Multiplying together the first 26 primes requires that you can store a number up to 232862364358497360900063316880507363070. log2 of that number is about 127.5. So you need 128-bits of storage.
Essentially, the correct solution is to sort both lists, and then do a single pass through checking for unique items in one list. Once you have this solution, you can do some micro-optimizations:
- note that the set of symbols is limited, so you can use a counting sort (or other non comparison based "sort")
- note that the sorting function doesn't need to be an actual sorting algorithm, and may discard duplicates.
If you apply these two optimizations, you should end up with the bit-field approach (or maybe a slightly more memory hungry one that doesn't store stuff in individual bits... but algorithmically it doesn't bring anything new to the table).
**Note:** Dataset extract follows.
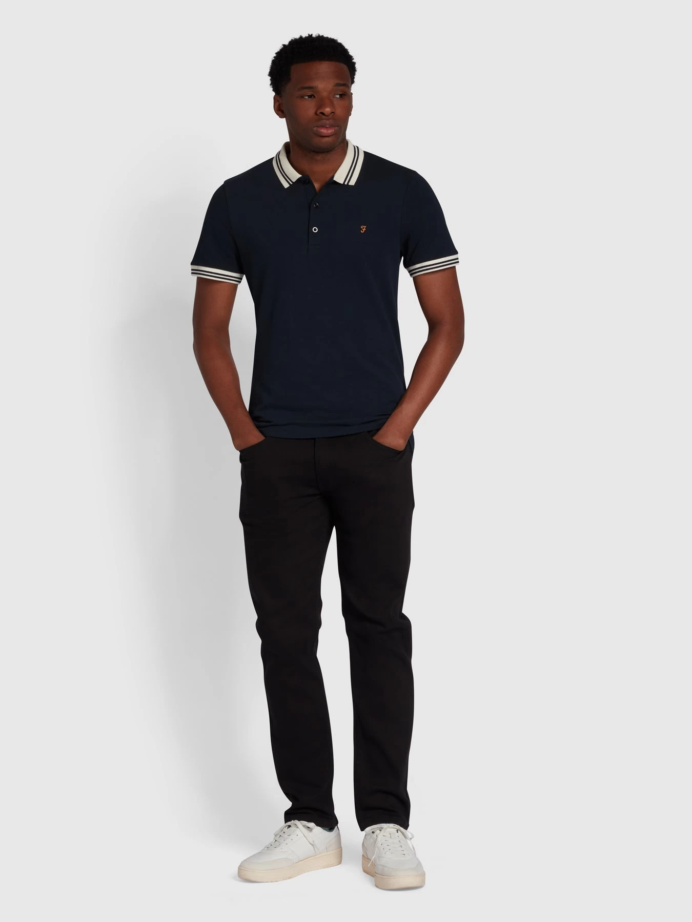 Showcasing a contrast-tipped, ribbed collar and cuffs, the Farah Stanton polo shirt is a modern-meets-retro piece. A short sleeve, slim-fit design crafted in a classic piqué from 100% organic cotton, it has our signature gold Farah logo at the left chest.

For some reason, a minority of people are then thinking that a further optimization is to use a more inefficient data structure in the sorting algorithm for storing whether or not a letter has been seen. This has the effect of a more expensive read operation, write operation, more memory usage and provides no other benefits.
Standard counter-intuitive example (from the game development domain) is how to check if an array of integers has a zero in it. The answer, when all things are considered, is to scan through an entire array making a simple arithmetic for each item and one comparison at the end rather than compare each element.
The same may happen with your example. Filling up 32-bit mask might be more expensive than to flip an element in a boolean array. That's not even considering that the array option allows for early termination of the second loop.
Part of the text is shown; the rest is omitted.